From this chilling response with which our Lord warns us today we can learn how we should prepare for our death: we must know the Lord Jesus. The foolish virgins who did not bother to plan ahead so as to bring a sufficient supply of oil, were not turned away because there was something they had not done; they were turned away because they did not know the groom. They had not spent time with him, they had not learned from him, they had not rested in his presence.

But how do we come to know the Lord? He says to us, “Behold, I stand at the door and knock. If anyone hears my voice and opens the door, [then] I will enter his house and dine with him, and he with me” (Revelation 3:20). Finding Jesus is not a difficult task for those who seek him with sincerity and trust, for he “is readily perceived by those who love [him], and found by those who seek [him]” (Wisdom 6:12). Indeed, Jesus “hastens to make [him]self known to” us (Wisdom 6:13).

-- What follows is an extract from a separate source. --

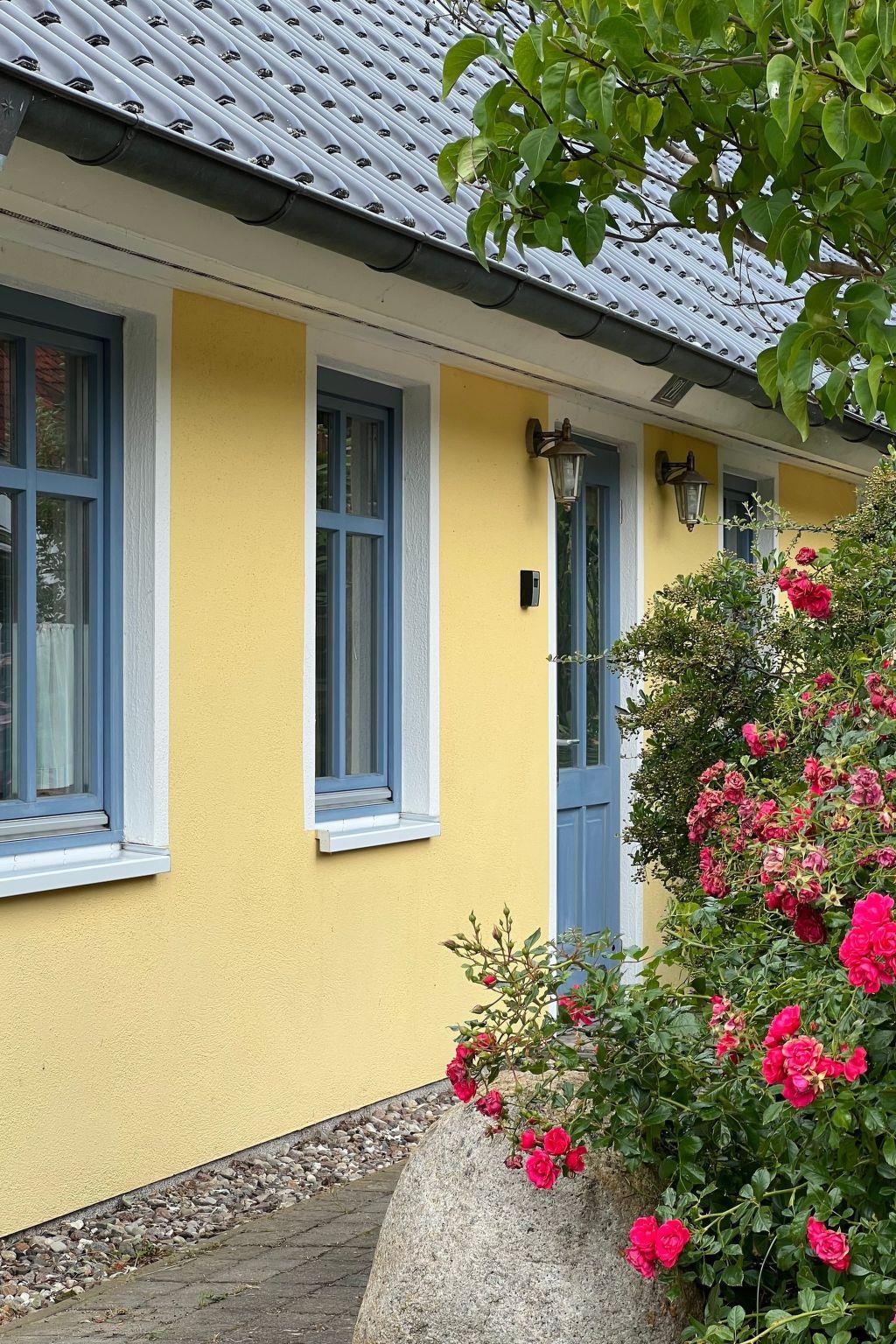Familien-Urlaub mit Hund in Mein Fleckchen Rügen, einer kleinen Ferienanlage von 4 Reihenhäusern in ruhiger Dorflage. Jedes Haus hat einen eigenen Eingang über die Terrassenseite und von da einen wunderschönen weiten Blick über das 13600 qm große Grundstück, das teils parkähnlich angelegt, teils Weidefläche ist. Die gemeinschaftliche Belegung von mehreren Häusern ist für Gruppen oder befreundeten Familien geeignet, die trotz gemeinsamen Urlaubs, einen eigenen Bereich bevorzugen. (z.B. 2 Häuser zum Preis von einem großen...) Weil die Landschaft um Neuenkirchen besonders idyllisch ist, wurden hier 9 Jahre lang alle Staffeln der beliebten ZDF-Serie "HALLO ROBBIE !" gedreht. Eingebettet zwischen traumhaften Naturschutzgebieten ist Neuenkirchen ein idealer Ausgangspunkt für Radtouren und Wanderungen durch die einzigartige Boddenlandschaft, ebenso wie zu den schönsten Sandstränden, die nach kurzer Fahrt mit dem Auto erreichbar sind. Auch die touristischen Highlights wie Weltkulturerbe- und Hansestadt Stralsund, der Jasmund mit den fantastischen Kreidefelsen, eine der größten Seebühnen Europas in Ralswieck und nicht zuletzt Tagesausflüge auf die Insel Hiddensee oder dem Kap Arkona sind in wenigen Minuten Fahrt zu erleben. Nur eines werden Sie nicht vorfinden in Neuenkirchen: Seebad-Trubel á la Binz und Co. Und dass in Neuenkirchen keine teure Kurtaxe zu entrichten ist, darf auch keinen stören ;-)

When we find the Lord, when we find the God whom we seek and for whom our “flesh pines and [our] soul thirsts,” we will come to know him by being with him (Psalm 63:2). As we read the Scriptures we will know him. As we spend time with him in other forms of prayer – the rosary, the Stations of the Cross, novenas, meditation and adoration – when we receive the Sacraments, we will daily come to know him more and more. When we receive him in the Most Holy Eucharist, not only will we come to know him better but we will be changed into him. This is our ultimate goal: to know him and to be united with him forever.

The more we come to know the mercy and love of Jesus, the more we come to know his tender compassion, the more we will also come to know his will for us. The more we know his will the more we will want to be with him and the easier it will be for us to follow his will.

The great spiritual classic of the Middle Ages, The Imitation of Christ reminds us that

“Every action of yours, every thought, should be those of one who expects to die before the day is out. Death would have no great terrors for you if you had a quiet conscience . . . . Then why not keep it clear of sin instead of running away from death? If you aren’t fit to face death today, it’s very unlikely you will be tomorrow” (1.23.1).

In truth, we who have been baptized have already died once and the second death that we will experience is not something to be feared. It is not to be feared for those who know the Lord, “For the Lord himself, with a word of command, with the voice of an archangel and with the trumpet of God, will come down from heaven, and the dead in Christ will rise” (I Thessalonians 4:16). Indeed, St. Paul asks us,

“are you unaware that we who were baptized into Christ Jesus were baptized into his death? We were indeed buried with him through baptism into death, so that, just as Christ was raised from the dead by the glory of the Father, we too might live in newness of life” (Romans 6:3-4).

When we, like those wise virgins who prepared themselves for a long night as they watched for the coming of the groom, prepare ourselves well for the coming of Christ, cooperating with his grace, will stand before the Lord and cry out to him, “Lord, lord, open the door for us.” When he hears our voice and sees us calling out to him, he will not say to us, “Amen, I say to you, I do not know you.” Rather, “we shall always be with the Lord” (I Thessalonians 4:17) because we have known him. St. Francis of Assisi concludes his great Canticle of the Creatures with these lines:

“Praised are you, my Lord, for our sister Bodily Death,
from whom no living man can escape.
Woe on those who will die in mortal sin!
Blessed are they who will be found
in your most holy will,
for the second death will not harm them.”